午前中一杯頑張ったけど、どこにもなかった。少なくともネット上では見つからん。

とすると、図書館か?

あんなとこ入りたくねーよ。

昔っから図書館得意じゃねーんだよ。なんか、こう、頭良い奴の巣窟って感じがしてやなんだよ。

うぅ、憂鬱だ。

誰か文字に詳しいやついねーかな?

少なくとも知り合いにはいねーな。ってか金借りっぱだから顔出せねーし。

仕方ねー、図書館行くか。

 ああ、いやだいやだ。



何年振りだ、図書館来たの。

悪寒がするなー。温度が下がったような気がする。

さっさと探して帰るか。



ねーな。どこにも。

 5,6冊の本を読んでみたが載ってなかった。

歴史上120くらいの文字があるらしい。
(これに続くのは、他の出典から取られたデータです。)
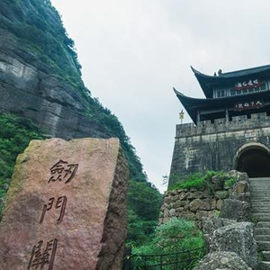 距离翠云廊不远就是被李白感叹为“一夫当关,万夫莫开”的剑门关了。剑门关位于龙门山脉的支脉剑门山之间,剑门山全长70多公里,最高峰海拔约1200米。山脉其中有一处出现断裂,由72座像剑一般矗立的山峰组成。两山之间出现宽约20米的豁口,其状如门,故曰剑门。剑门关的前身是剑阁,诸葛亮为相时,在此“凿石架空,为飞梁阁道,以通行旅”,又于豁口处砌石为门,置阁尉,设戍守,是为剑阁设关之始。剑阁所处的隘口北高南低,北坡十分陡峭,南坡则相对平缓,因此守城方据于关上可居高临下阻击敌人,而攻城者却需要攀登峭壁再攻城,且没有展开兵力的空间,难度可想而知。
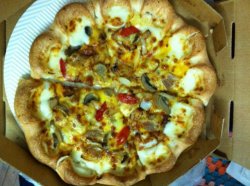 哎哎。。正值半价时期。。可惜那天去的时候正好是六一儿童节的第二天。。人哈多。。么次成。打包了个明星产品披萨。。原价额。。新奥尔良风情烤肉披萨。。大份的。加了芝心ohno!!好难次。。硬邦邦的感觉。。有番茄。鸡肉。蘑菇洋葱。当然鸡肉的量最少。好吧。我第一次次他家的芝心。以前次过不加额。也不好次。。木有拉丝。。不过他家的小食。饮料还好。。蛮好次额。

大半は使わられなくなって、現在は28程度。

そのどれにも該当しない。

 なんだよ、この文字。

図書館来た意味ねーじゃん。

これも方言か?

 ……文字に方言なんてあるのか?

 知らん、知らん。もうよくわからん。

 あれだ、あれ。サンプルが少ないってやつだ。

 文字4つしか書いてもらわなかったもんな。次はもっと書いてもらおう。そうしたら何かに該当するかもしれん。

 希望を捨てるな、俺。

 さっ、満喫行こう。昨日は延長料金でぼられたけど、今日はそうはいかない。

 ちゃんと6時には出よう。

 おっと満喫行く前に寄るところがあるんだった。そっちを先にしよう。



 うーん、時間通り行動するのって快適だね。

 今日は余分な出費もなく、手元には3000円程度ある。いつもより懐が暖かい。嬉しいなぁ。

 さて今日は何を買いますかっと。

 いっつもお菓子じゃ可哀想だから……そうだ、カップラーメンにしよう。今日は少し肌寒いし……のびるか。コンビニから俺の家まで10分以上ある。家にはお湯を沸かすモノがないから、コンビニでお湯をいれていかなきゃならない。つまりのびきった麺を食うハメになる。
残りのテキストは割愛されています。